Instructions for the task: Reproduce exactly the lines from the one containing "OTOBÜSDEKİ BİR GENCE" through the end of the entries, including both. Drop the pictures.

Listed records:
*** Block opens ***

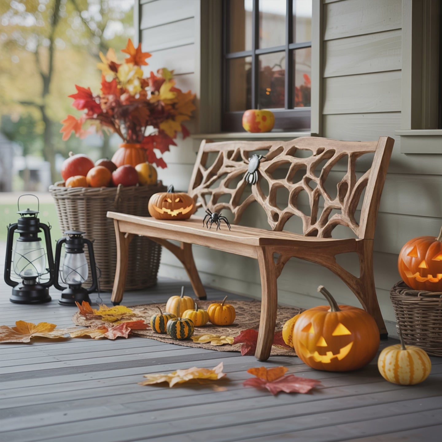 - The bench can be used indoors and outdoors. This does not include other items in the picture (pumpkins, candles, or other decorative accessories, etc.)
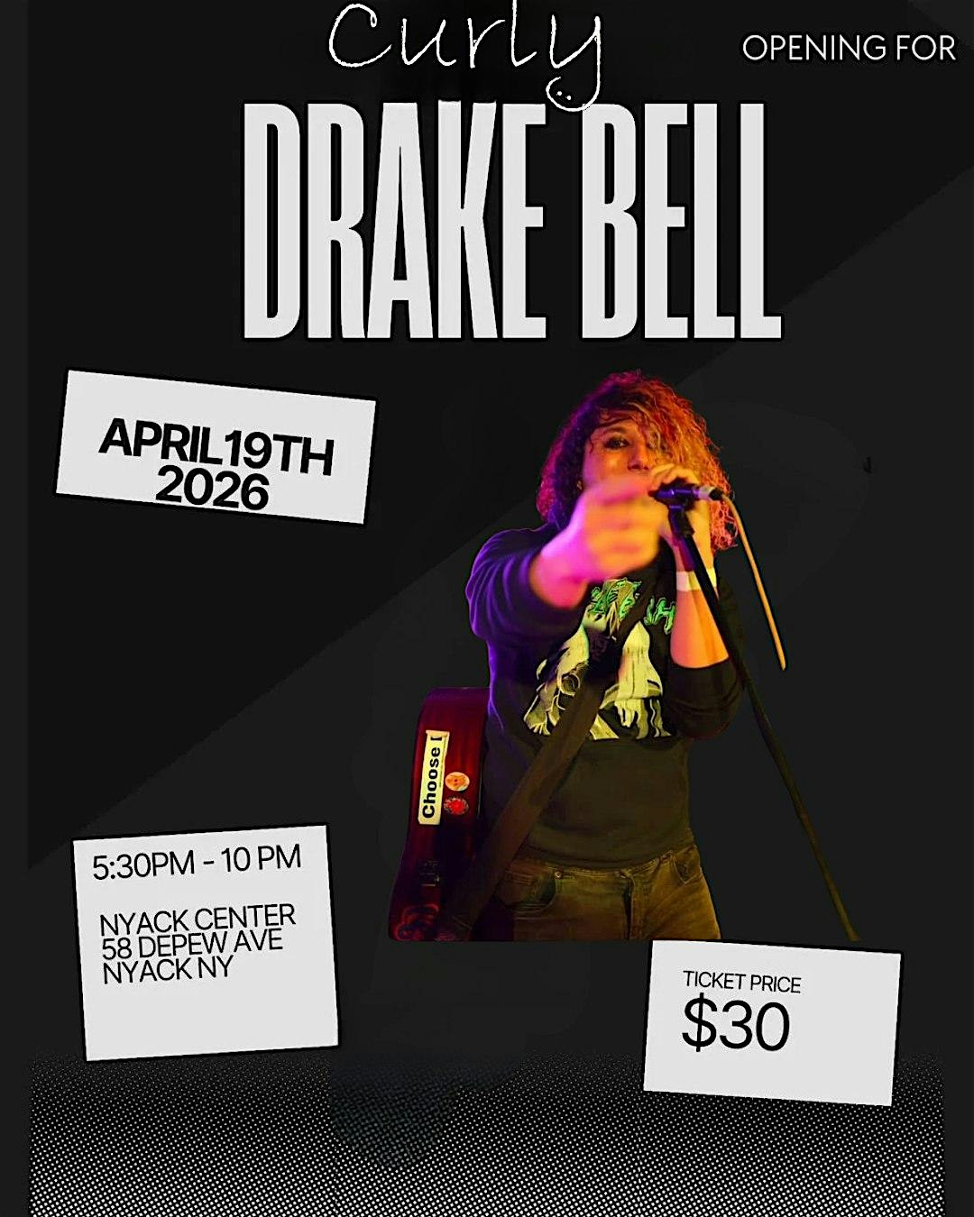 by admin27Feb Curly opening for Drake Bell at Nyack Center – Nyack, NY Curly opening for Drake Bell at Nyack Center – Nyack, NY 2 2 people viewed this event. Kick off the night with Curly warming up the crowd before Drake Bell takes the stage for a night to remember! Tickets-RSVP Link Date And Time Sunday, April 19th, 2026 @ 05:00 PM Location 58 Depew Avenue, Nyack, NY 10960 Event Types Concert or PerformanceMusic Event Category New York Share With Friends Facebook Twitter Linkedin Xing Pinterest Share This Post:
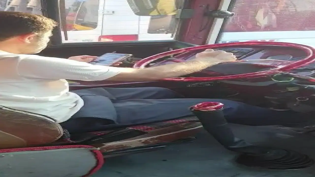 "ŞOFÖR OTOBÜSDEKİ BİR GENCE DİREKSİYONU TESLİM ETTİ"
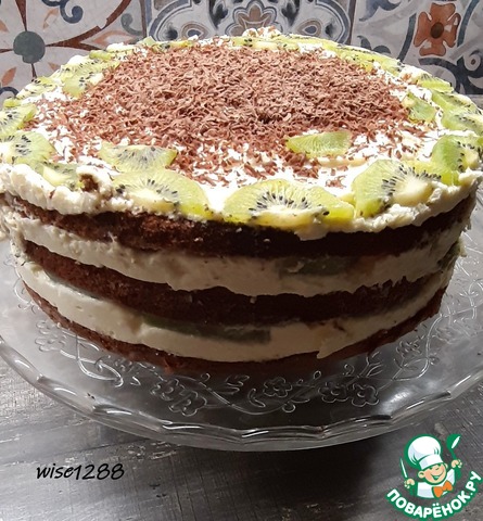 Каждый слой пропитать кремом и выложить кусочки киви. Киви лучше брать не перезрелые, чтобы сохранить кисло-сладкий вкус тортика. Украсить сверху по желанию).
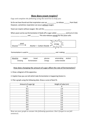Anaerobic Respiration In Yeast Investigation Instruction Sheet

*** Block closes ***

Your response:
 "ŞOFÖR OTOBÜSDEKİ BİR GENCE DİREKSİYONU TESLİM ETTİ"
 Каждый слой пропитать кремом и выложить кусочки киви. Киви лучше брать не перезрелые, чтобы сохранить кисло-сладкий вкус тортика. Украсить сверху по желанию).
Anaerobic Respiration In Yeast Investigation Instruction Sheet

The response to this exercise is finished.